While plenty of high-yield opportunities exist, investors must always consider the safety of their dividend and the total return potential of their investment. It is not uncommon for a struggling company to suspend high-yielding dividends which could subsequently result in precipitous share price declines.

TheStreet Ratings' stock rating model views dividends favorably, but not so much that other factors are disregarded. Our model gauges the relationship between risk and reward in several ways, including: the pricing drawdown as compared to potential profit volatility, i.e. how much one is willing to risk in order to earn profits?; the level of acceptable volatility for highly performing stocks; the current valuation as compared to projected earnings growth; and the financial strength of the underlying company as compared to its stock's valuation as compared to its stock's performance.

These and many more derived observations are then combined, ranked, weighted, and scenario-tested to create a more complete analysis.

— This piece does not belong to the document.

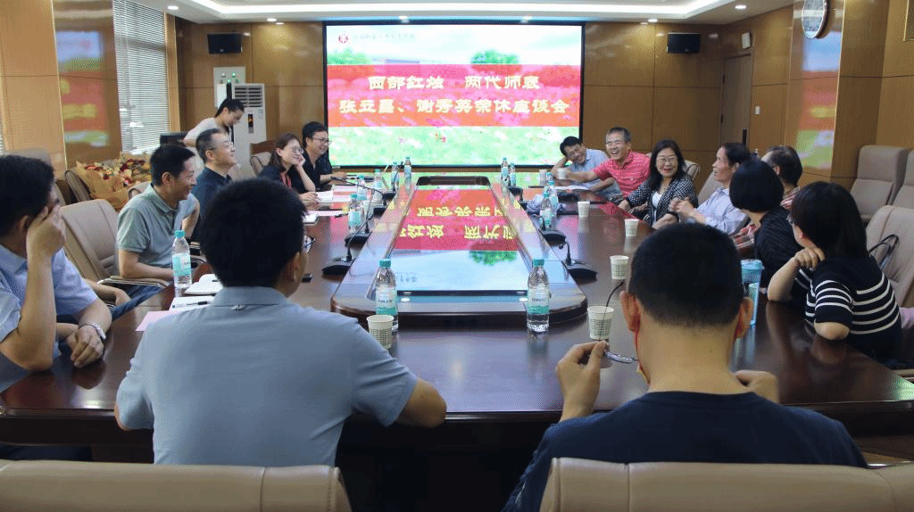 最后张旻书记代表学部向张立昌老师和谢秀英老师赠送鲜花与纪念品,并对两位老师为学部事业发展做出突出贡献表示衷心的感谢。希望两位老师退而不休常回家看看,继续指导并关注学部的发展,践行“西部红烛 两代师表”传承教育学人精神。
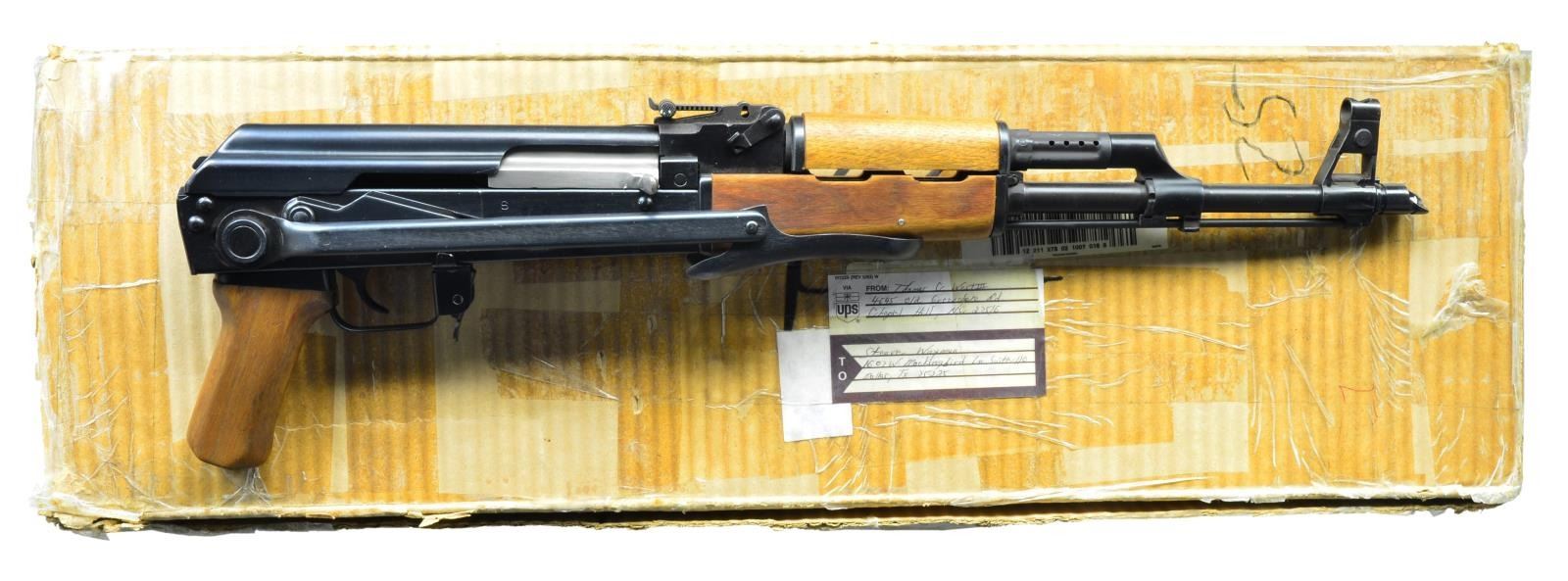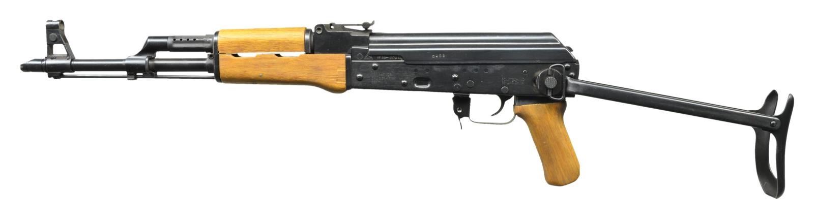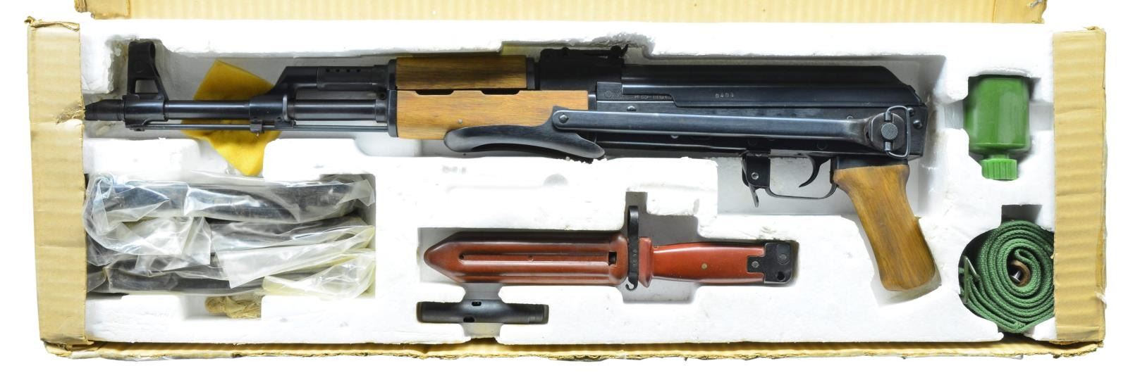 Cal. 223. S# PF85000408. Bbl. 16”. The ultimate in 1980s gun culture were the Chinese mfg. AK47 variants that were once so plentiful & inexpensive. The highest quality & most sought after variants were mfg. by Polytech & imported in numerous configurations. As their popularity increased in the United States w/ shooters & collectors & the availability of the once rare 7.62x39mm ammunition became available, we were faced w/ the first of numerous pieces of legislation dealing w/ the propaganda push of the day & firearms w/ similar attributes were branded “assault weapons” & eventually heavily restricted. Of course the full autos were already heavily under attack & their mfg. ceased on May 19, 1986. One of the first new restrictions regarding the semi automatic versions to go into effect was mandated by executive order w/out legislative involvement & banned the importation of guns that didn’t qualify as having a sporting purpose. One of the most noticeable & popular functional features is the bottom folding metal stock that was designed to completely fold over & around a loaded 30 rd. mag. This particular example is a textbook piece w/ its light brown hardwood furniture, still in factory packaging as it left China. Stamped receiver. Hooded front sight post & rear sight adj. in elevation to 800m. Safety selector on right side of receiver. Complete w/ its bayonet, scabbard, threaded bbl. & slanted muzzle brake. MAGS: 3 - 30 rd. factory. UNATTACHED ACCESSORIES: factory box & all components as shipped from Polytech including green canvas sling, oil bottle, cylindrical cleaning kit & magazines still unsealed plastic bags. CONDITION: all outward appearances indicate that this particular example may have been removed from its factory packaging only for display & occasional light fondling after being converted to full auto by SWD Inc. in Atlanta, Georgia as we received it in its original styrofoam lined cardboard box. All factory provided components are still nestled in their proper place. Finish coverage is complete w/ only thinning between stock & receiver, which can’t be avoided once extended & collapsed. Light impressions in lower handguard that correspond w/ closed placement of folding stock. Lower receiver marked “SWD INC., ATL. GA” left side trigger on bottom. Fire control mechanism appears to function correctly when cycled by hand. Bore is shiny w/ strong rifling. NATIONAL FIREARMS ACT MG REQUIRING BATF TRANSFER BEFORE TAKING POSSESSION. FULLY TRANSFERABLE. (03-1528/JZ). MODERN CLASS III. $13,000-18,000.

The result is a systematic and disciplined method of selecting stocks. As always, stock ratings should not be treated as gospel — rather, use them as a starting point for your own research.

The following pages contain our analysis of 3 stocks with substantial yields, that ultimately, we have rated "Hold."

Martin Midstream Partners

Dividend Yield: 8.20%

Martin Midstream Partners (NASDAQ: MMLP) shares currently have a dividend yield of 8.20%.

Martin Midstream Partners L.P. collects, transports, stores, and markets petroleum products and by-products in the United States Gulf Coast region.

The average volume for Martin Midstream Partners has been 129,200 shares per day over the past 30 days. Martin Midstream Partners has a market cap of $1.2 billion and is part of the energy industry. Shares are down 10.1% year-to-date as of the close of trading on Friday.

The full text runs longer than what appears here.